We apply our method to imaging mass cytometry (IMC) [13–15]. IMC is a new technique for multiplexed simultaneous imaging of proteins and protein modifications at subcellular resolution, ideally suited to uncover molecular and structural alterations of diseased tissues such as in cancer. IMC analysis can also be used to study the composition of non-diseases tissue samples such as histology studies or molecular profiles. The acquired intensities of the protein expression levels are viewed as markers, providing important biological information on the tissues of interest. This acquisition procedure gives rise to multi-feature observations at different spatial positions, where the multiple features are the markers and a selected subset of the spatial positions are ROIs within pathology slides.

Our experimental study focuses on one of the important tasks of IMC data analysis: associating the response status of a patient to a therapeutic intervention with a high-dimensional spatial IMC sample from the relevant patients’ tissues. Here, we propose to recast this problem as a binary hypothesis testing problem. We assume that all the ROIs of each patient can be labeled by the patient’s response or non-response status. The collection of all ROIs from the patients’ cohort induces a bi-modal density of expression signatures. Then, given the protein expression levels within the ROIs of a certain tissue type, we ask whether the subject was responsive to treatment. We showcase the performance of the proposed method on two IMC cohorts consisting of samples taken from lung cancer subjects. We achieve a average 97.3% prediction accuracy of response to treatment (PD-1 axis blockers) in an unsupervised manner. This result outperforms competing methods, specifically, the results obtained by (i) diffusion maps (DM) [4] directly applied to the multi-feature observations, (ii) the heat kernel signature (HKS) [16], and (iii) the wave kernel signature (WKS) [17].

Results

Ethics statement

The study was approved by the Yale University Human Investigation Committee protocols #9505008219 and #1608018220; or local institutional protocols which approved the patient consent forms or, in some cases waiver of consent when retrospectively collected archive tissue was used in a de-identified manner.

Overview

We start by presenting the problem setting. Consider n data points ${x_{i}}_{i = 1}^{n}$ from a hidden manifold $M$ embedded in a high-dimensional Euclidean space $R^{k}$ . Assume we do not have direct access to these data points; instead, these data points are measured through m observation functions $f_{j} : M \to R^{d}$ , where j = 1, …, m is the index of the observation function. Given n multi-feature observations f_j(x_i) of the data point x_i for i = 1, …, n, each consisting of m features j = 1, …, m, our goal is to recover the data points x_i on the hidden manifold $M$ .

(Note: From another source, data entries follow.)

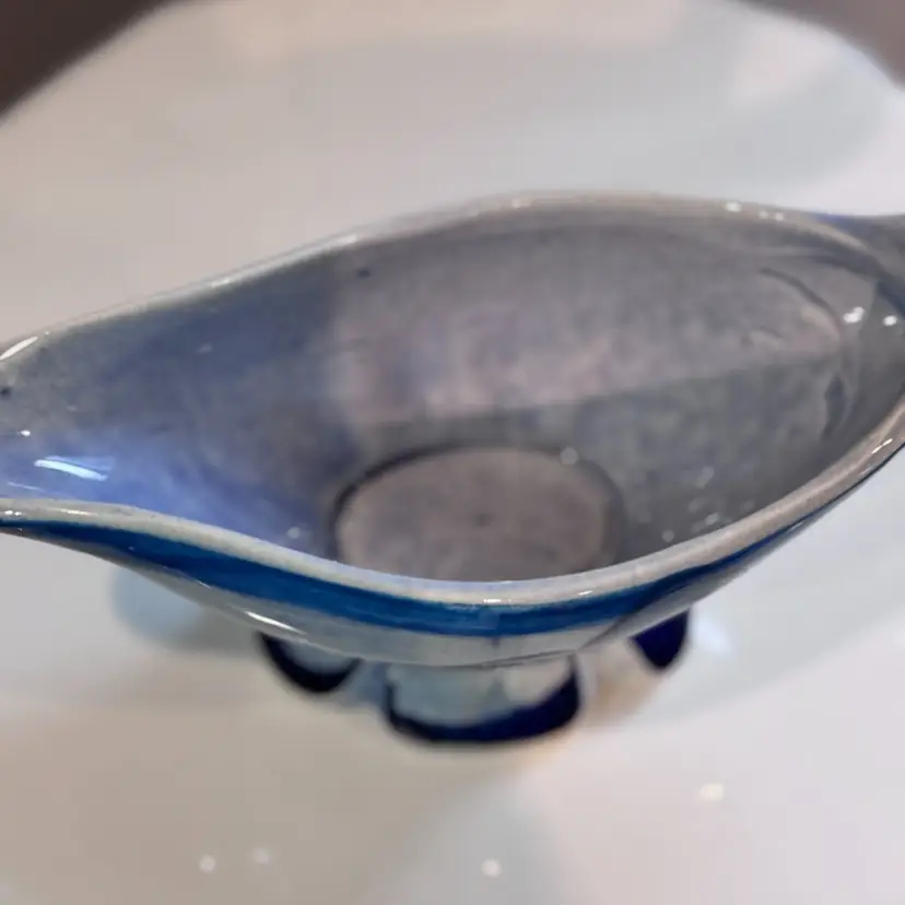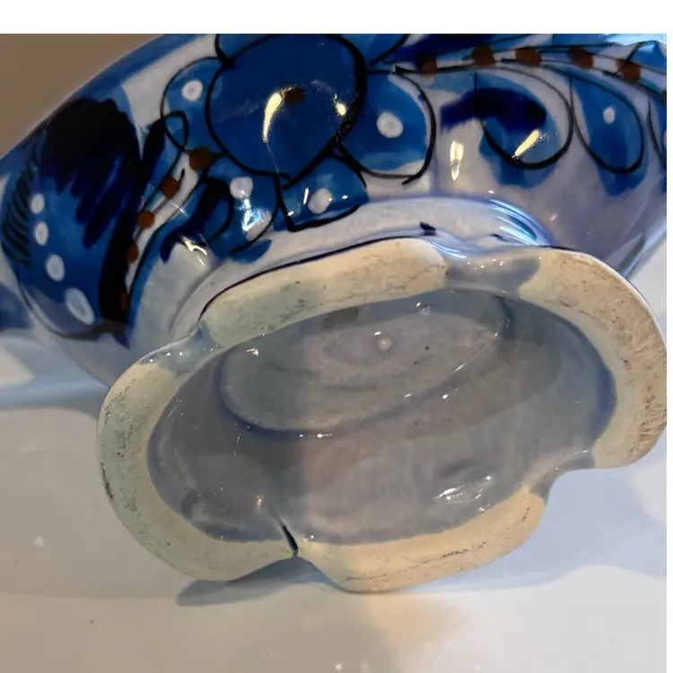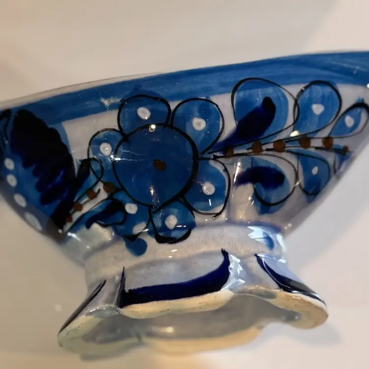 Beautiful shades of blue hand-painted gravy boat. Measures 4 1/2 inches tall at handle and 8 inches long. No chips or cracks. When researched I cannot tell if this is Mexican or Italian pottery, but an awesome piece for display.
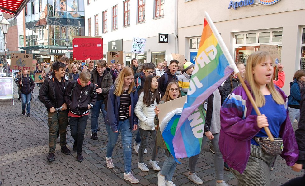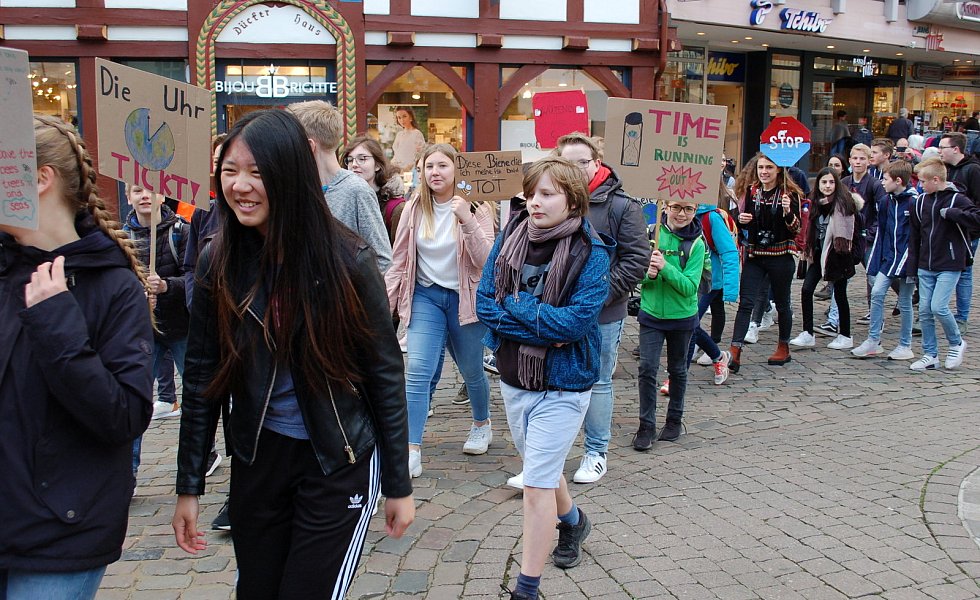 Höxter. Rund 100 Schülerinnen und Schüler beteiligten sich am Freitagvormittag an der ersten Fridays-for-Future-Demonstration in Höxter. Statt im Klassenzimmer zu sitzen, gingen sie auf die Straße und zogen lautstark mit Sprüchen wie "Hopp, hopp, hopp - Kohle stopp", "Wir sind hier, wir sind laut - weil Ihr uns die Zukunft klaut" oder "Keine Toleranz für Klima-Ignoranz" vom Marktplatz aus durch die Höxteraner Altstadt.
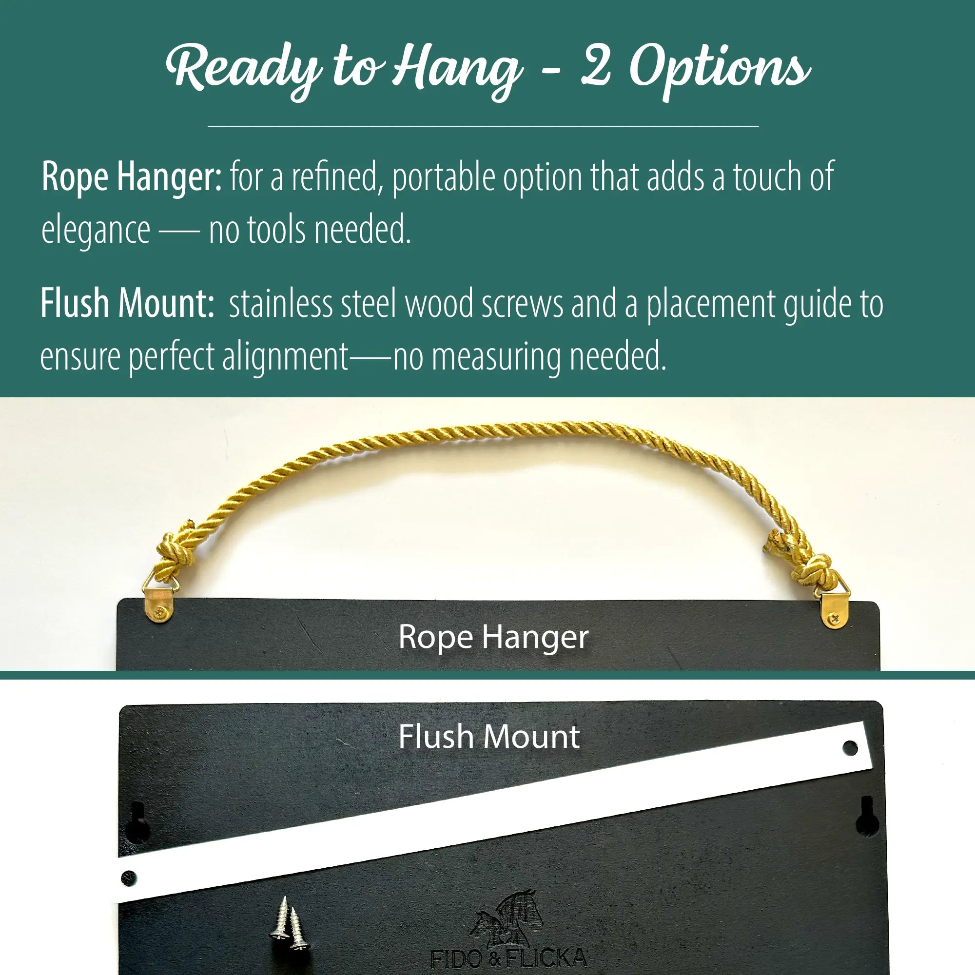 - Select Flush Mount (with wood screws) for a clean, secure look that sits flat against the wall — perfect for stalls or home display.
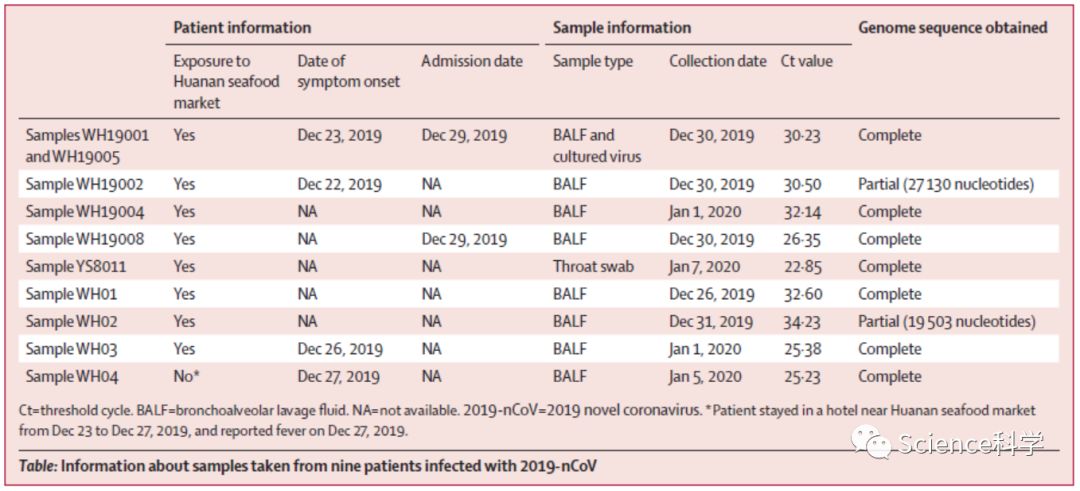 9名患者患有病毒性肺炎,并且常见呼吸道病原体呈阴性,去了至少三家位于武汉的医院就诊。他们中的8人在出现症状之前去过华南海鲜市场,另一人(WH04)没有去过市场,但于2019年12月23日至12月27日住在市场附近的酒店。

In the context of IMC, the data points represent the treatment outcome based on n spatial positions located at ROIs within pathology slides of tissues from several patients. At each spatial position i = 1, …, n, the observations f_j(x_i) for j = 1, …, m are the expression levels of m markers. Each observation $f_{j} (x_{i}) \in R^{d}$ is a patch of d pixels of the expression level image of marker j at position i.

To simplify the presentation of our approach, we begin with an illustrative localization problem, which is simpler than the IMC problem. Suppose we have a surface $M$ and objects located at x_i on $M$ . The locations x_i are hidden, but measured through m sensors, such that for each location x_i we have m multi-feature observations ${f_{j} (x_{i})}_{j = 1}^{m}$ . That is f_j(x_i) is a d-dimensional observation of sensor j when the object is at x_i. The goal is to recover the locations x_i on the surface $M$ given ${f_{j} (x_{i})}_{j = 1}^{m}$ .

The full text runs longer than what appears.